[ClusterLabs] killing postgres wal progress in slave makes cluster crashed
Ken Gaillot
kgaillot at redhat.com
Wed May 2 12:35:01 EDT 2018
On Sat, 2018-04-28 at 08:46 +0000, 范国腾 wrote:
> Hi,
> There are three nodes: node1,node2,node3。node1 is master, node2 and
> node3 is slave。
> We execute the “truncate table” in 14:25:36 and kill the WAL progress
> in db2。Then the db2 pacemaker is down and db1 is reboot.
> But I could not find any information from the /var/log/messages.
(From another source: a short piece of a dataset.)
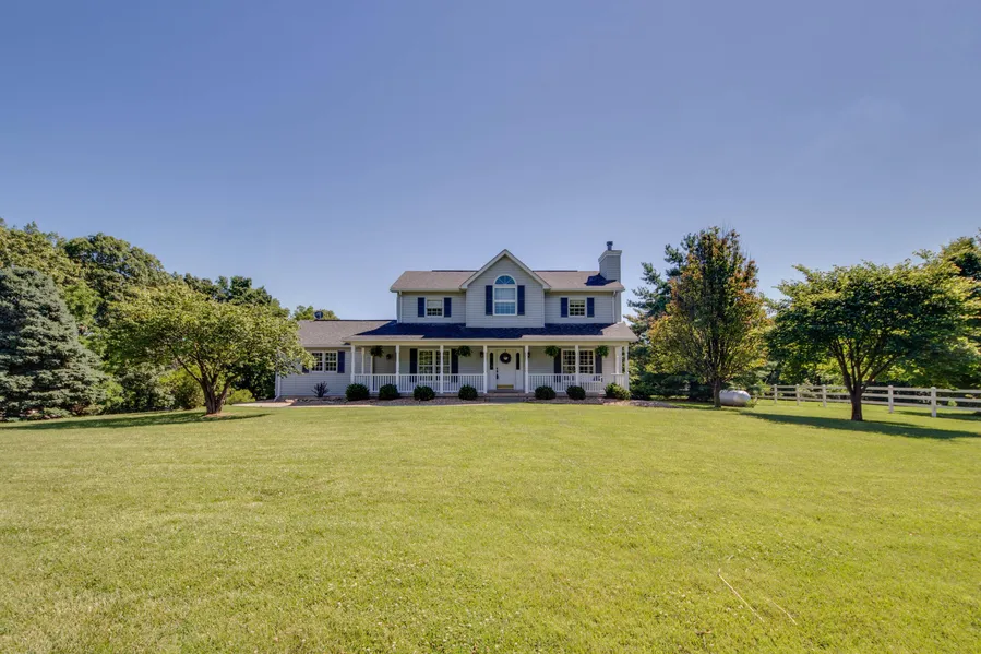 This spacious 3 bedroom, 2 and a half bathroom home is situated at the front of this picturesque, partially wooded, 26+/- acre property. Beautiful landscaping surrounds the patio and deck area in the backyard behind the 2 car attached garage, and overlooks the acreage beyond the house. This 2300 sq. ft gem features a sitting room with gas fireplace, updated kitchen with breakfast bar, wood floors, large bedrooms, and a nice master suite. Enjoy country living while sitting on the covered front porch or entertaining on the back deck. This property is a recreational paradise.
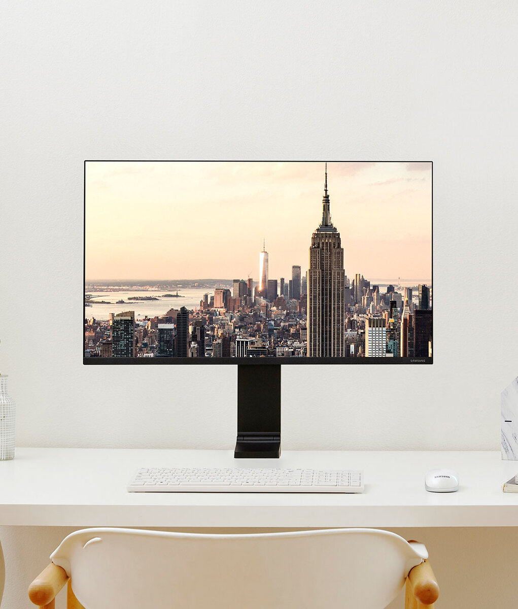 Уникальная особенность новинки - возможность регулировки положения и возможность крепления монитора к стене. Монитор можно опустить на стол, наклонить, поднять или отодвинуть к стене. Провода находятся внутри конструкции, что придает аккуратности рабочему месту. Комплектации Доступны две модели на выбор - на 27 и 31.5".

The
> flowing is log, could you help find any clue?
>
>
> Current DC: db3 (version 1.1.15-11.el7-e174ec8) - partition with
> quorum
The DC is the node that schedules all actions, so its logs will be
helpful too. If there was any fencing, it should be mentioned there.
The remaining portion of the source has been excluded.